EVOLUZIONE GIURISPRUDENZIALE IN MATERIA DI INFEZIONI OSPEDALIERE

3.9 LA RESPONSABILITÁ MEDICA ALLA LUCE DELLA “LEGGE BALDUZZI”

Nell’ambito delle azioni promosse dal Governo tecnico, si colloca il D. lgs. 13 settembre 2012, n. 158, adottato in via d’urgenza, stante la “contrazione delle risorse finanziarie destinate al Servizio Sanitario Nazionale, a seguito delle manovre di contenimento della spesa pubblica”. La normativa, emanata in periodo di crisi economica, persegue la dichiarata finalità di limitare i costi pubblici, arginando “il fenomeno della c.d. medicina difensiva, che determina la prescrizione di esami diagnostici inappropriati, con gravi conseguenze sia sulla salute dei cittadini, sia sull’aumento delle liste di attesa e dei costi a carico delle aziende sanitarie”. La medicina difensiva induce, infatti, gli operatori sanitari ad utilizzare solo i trattamenti di comprovata validità, abbandonando invece quelli di probabile maggiore efficacia, ma non immuni da rischi. Senza contare il rischio che i medici, al fine di rifuggire da assunzioni di responsabilità, siano tentati di evitare di prendere posizioni precise e di consigliare il paziente, quali “intermediari eruditi”, sulla soluzione ritenuta ottimale.

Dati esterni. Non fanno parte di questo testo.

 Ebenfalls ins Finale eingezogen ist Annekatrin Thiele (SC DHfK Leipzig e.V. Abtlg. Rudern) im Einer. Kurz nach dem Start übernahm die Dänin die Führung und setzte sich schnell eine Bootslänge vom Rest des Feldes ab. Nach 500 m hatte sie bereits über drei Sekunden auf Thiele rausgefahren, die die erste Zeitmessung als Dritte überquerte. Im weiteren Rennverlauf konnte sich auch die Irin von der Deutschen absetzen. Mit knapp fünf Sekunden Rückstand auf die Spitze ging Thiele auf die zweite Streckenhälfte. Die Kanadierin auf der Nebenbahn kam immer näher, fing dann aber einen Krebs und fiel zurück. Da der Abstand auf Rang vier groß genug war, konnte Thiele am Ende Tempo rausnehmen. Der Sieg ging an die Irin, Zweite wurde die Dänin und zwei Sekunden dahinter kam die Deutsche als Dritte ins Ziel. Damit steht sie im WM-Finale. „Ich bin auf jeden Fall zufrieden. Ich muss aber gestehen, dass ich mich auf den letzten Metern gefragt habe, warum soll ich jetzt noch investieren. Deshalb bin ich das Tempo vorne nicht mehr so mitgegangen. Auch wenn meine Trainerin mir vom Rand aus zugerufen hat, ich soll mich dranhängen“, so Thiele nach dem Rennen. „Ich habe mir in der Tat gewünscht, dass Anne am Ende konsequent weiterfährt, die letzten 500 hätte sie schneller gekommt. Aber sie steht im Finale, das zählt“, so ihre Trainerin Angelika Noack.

L’obiettivo di contrastare tale situazione è stato perseguito ed incentivato anche dalla legge di conversione del suddetto decreto (L. 8 novembre 2012 n. 189), che è intervenuta con numerose modifiche, onde correggere quegli aspetti dell’originaria previsione normativa, che lasciavano ampio spazio alle azioni di responsabilità nei confronti dei medici e delle strutture sanitarie.

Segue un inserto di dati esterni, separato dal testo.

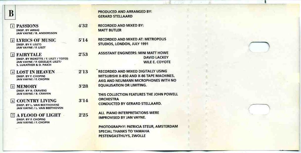 Jan Vayne Colours of my Mind 13 nrs cassette 1991 ZGAN
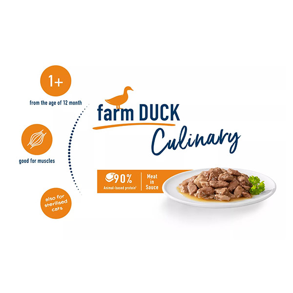 این محصول برای گربه های بالغ تمامی نژادها با سن بالای 1 سال تولید شده است. در ترکیب آن از گوشت اردک که همراه با سس مخصوص پخته شده استفاده شده و طعمی بسیار عالی دارد. این غذا پروتئین بالایی دارد و به تقویت عضلات کمک می کند. به همین دلیل برای گربه های عقیم شده بسیار مناسب است. فرمولاسیون این غذا بسیار کامل بوده و به عنوان غذای اصلی قابل استفاده است.

L’eccesso di responsabilità determina, infatti, un circolo vizioso: da un lato, andando a gravare in definitiva sul bilancio pubblico (su cui pesano in via prioritaria i costi e gli oneri del contenzioso sanitario); dall’altro lato, dando vita al descritto fenomeno della medicina difensiva. Tutto ciò si riflette negativamente sul sistema sanitario, riducendone le risorse e l’efficienza.

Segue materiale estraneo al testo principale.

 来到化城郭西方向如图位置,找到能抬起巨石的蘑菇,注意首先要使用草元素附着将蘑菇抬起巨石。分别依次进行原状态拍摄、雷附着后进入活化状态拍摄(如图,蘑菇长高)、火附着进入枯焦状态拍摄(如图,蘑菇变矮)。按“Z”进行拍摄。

Su tale situazione ha inciso anche l’evoluzione giurisprudenziale degli ultimi anni, che ha determinato una forte condizione di incertezza per gli operatori sanitari.

Il 1° comma dell’art. 3 del D.l. 13 settembre 2012, n. 158, così recitava: “Fermo restando l’art. 2236 c.c., nell’accertamento della colpa lieve nell’attività di esercente le professioni sanitarie, il giudice, ai sensi dell’art. 1176 c.c., tiene conto dell’osservanza, nel caso concreto, delle linee guida e delle buone pratiche accreditate dalla comunità scientifica nazionale ed internazionale”.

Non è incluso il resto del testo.